У американцев появились самолеты, которые могли летать в любое время суток. Для ведения боевых действий в ночном небе Кореи Сталин дал команду срочно подготовить специальный авиаполк.

На северокорейской территории американцы разбросали более миллиона листовок на корейском, китайском и русском языках, призывавших летчиков, летающих на МиГ-15, перелетать на своих самолетах в Южную Корею, на аэродром Кимпо. Каждому перелетевшему пилоту обещалось политическое убежище и вознаграждение в 50 тысяч долларов. Первому перелетевшему летчику посулили 100 тысяч долларов. Особенно американцы интересовались нашими реактивными самолетами. К счастью, никаких непредвиденных ситуаций не возникло. А нам удалось захватить почти неповрежденный американский самолет Ф-87.
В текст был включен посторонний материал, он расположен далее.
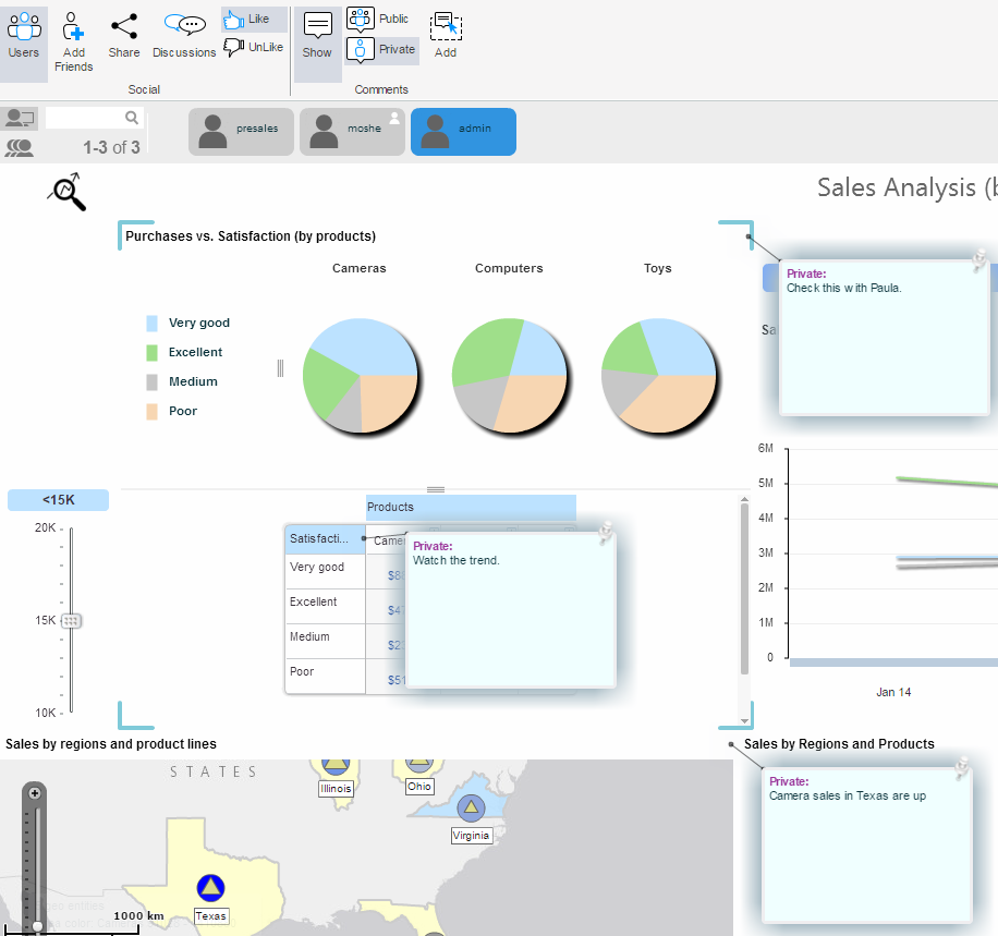The Show button on the Social tab of the ribbon shows all the comments added to the current workboard. In Private Mode, it displays only your private comments. In Public Mode, it shows all the comments added to the workboard by other workboard users.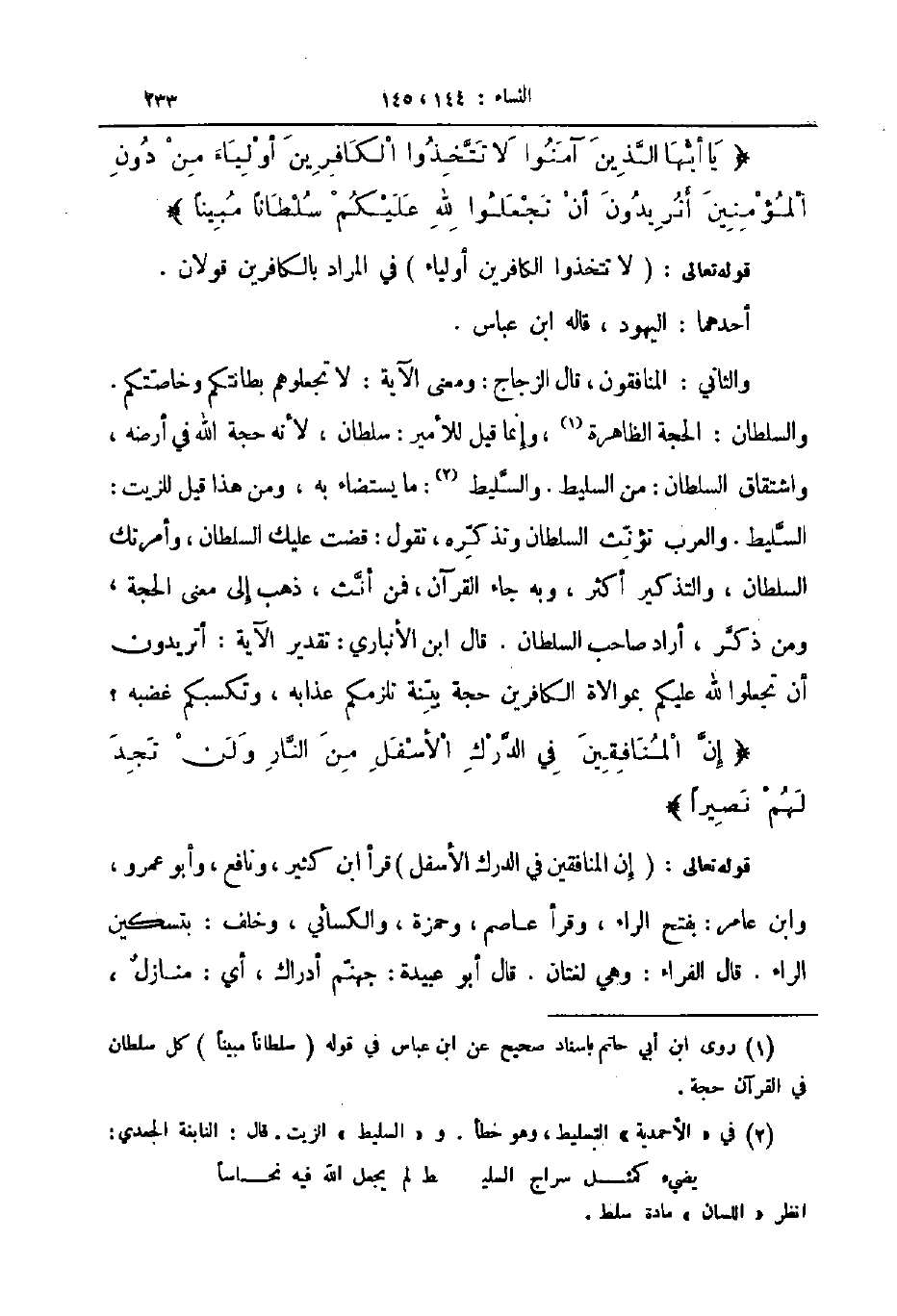 والسلطان الحجة الظاهرة وإنما قيل للأمير سلطان لأنه حجة الله في أرضه واشتقاق السلطان من السليط والسليط ما يستضاء به ومن هذا قيل للزيت السليط والعرب تؤنث السلطان وتذكره تقول قضت عليك السلطان وأمرتك السلطان والتذكير أكثر وبه جاء القرآن فمن أنث ذهب إلى معنى الحجة ومن ذكر أراد صاحب السلطان قال ابن الأنباري تقدير الآية أتريدون أن تجعلوا لله عليكم بموالاة الكافرين حجة بينة تلزمكم عذابه وتكسبكم غضبه إن المنافقين في الدرك الأسفل من النار ولن تجد لهم نصيرا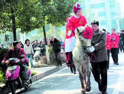 昨日,一場別致的復古婚禮在芙蓉區(qū)嘉雨路上演,新郎沒有像其他年輕人用豪華車隊迎娶新娘,而是騎著白馬,讓人抬著大紅花轎把新娘子娶回家。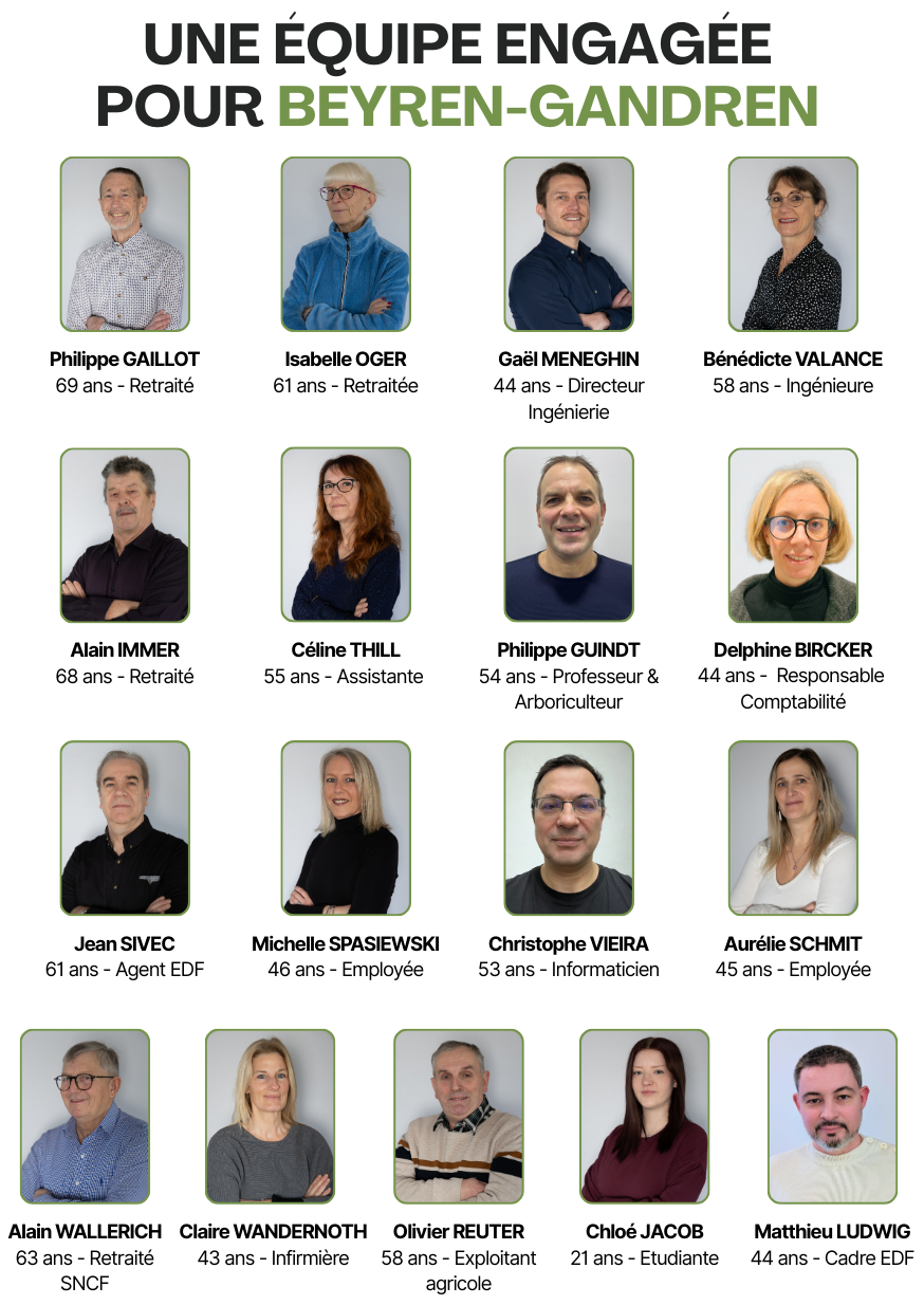 Avec l’ensemble de l’équipe municipale, nous aurons à cœur de mettre en œuvre les projets que nous vous avons présentés. Nous le ferons avec sérieux, transparence et avec la volonté constante de servir l’intérêt général. Soyez assurés que nous resterons en permanence à votre écoute, attentifs à vos idées, à vos attentes et aux besoins de notre village.
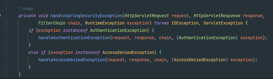 - 앞선 필터들을 통해 인증 처리를 진행, 그 과정에서 다음 필터로 넘어갈 필요도 없을 정도의 예외가 생긴다면 바로 throw를 해서 예외 처리를 진행

Сталину доносили, что наших летчиков размещали в неприспособленных для жилья помещениях, без водопровода и канализации, что в ожидании очередного вылета они были вынуждены часами просиживать в тесных кабинах истребителей при невыносимой жаре, усугубляемой повышенной влажностью.

Сталина стали сильно угнетать бесперспективность корейской войны и наши растущие воздушные потери. Подготовка военного летчика приближается к стоимости самого самолета. Ценность летчиков, имеющих опыт ведения воздушных боев, многократно повышалась.

Такие пилоты были нужны Сталину на наших западных границах. Единственное, что он мог сделать в этой ситуации, так это попытаться сохранить свою летную элиту. Но делал он это своеобразно. Сергей Крамаренко недоумевал: «А у нас новых летчиков вводили в строй неграмотно: меняли весь состав полностью и новичков без прикрытия “стариков” бросали в бой. К тому же почему-то стали присылать летчиков из ПВО, они вообще не умели сражаться с истребителями…» Видя бесполезность их участия в боевых действиях, на месте их переориентировали на обучение молодых китайских пилотов полетам на МиГ-15.

Однако, когда американцы уже стояли на пороге заключения перемирия, Сталин вдруг уперся. В отсутствие прямых угроз существованию северокорейского государства ему показалось, что дальнейшая затяжка переговоров может принести ему некоторые дивиденды и скрасит горечь провала военной авантюры.

Сталин считал, что война в Корее связывает американцам руки, истощает их и отвлекает от активного участия в европейских делах.

В Корею были посланы поисковые группы наших специалистов, подбиравших для изучения брошенную американцами новейшую военную технику.

Северокорейцы и китайцы «смертельно» устали от продолжительной и кровопролитной войны. Сталин же начал ратовать за ее продолжение. Одно время ему даже удалось убедить в этом китайцев. В одном из своих писем от 18 июля 1952 года Мао писал Киму, что «в настоящее время, когда противник подвергает нас бешеным бомбардировкам, принятие предложения противника провокационного и обманного характера, которое не означает на самом деле никаких уступок, для нас весьма невыгодно». Основную идею Сталина Мао понял и согласился: «Самопожертвование китайцев и корейцев позволяет оттянуть новую мировую войну, давая возможность Советскому Союзу “усилить свое строительство” и “оказывать свое влияние на развитие революционного движения”».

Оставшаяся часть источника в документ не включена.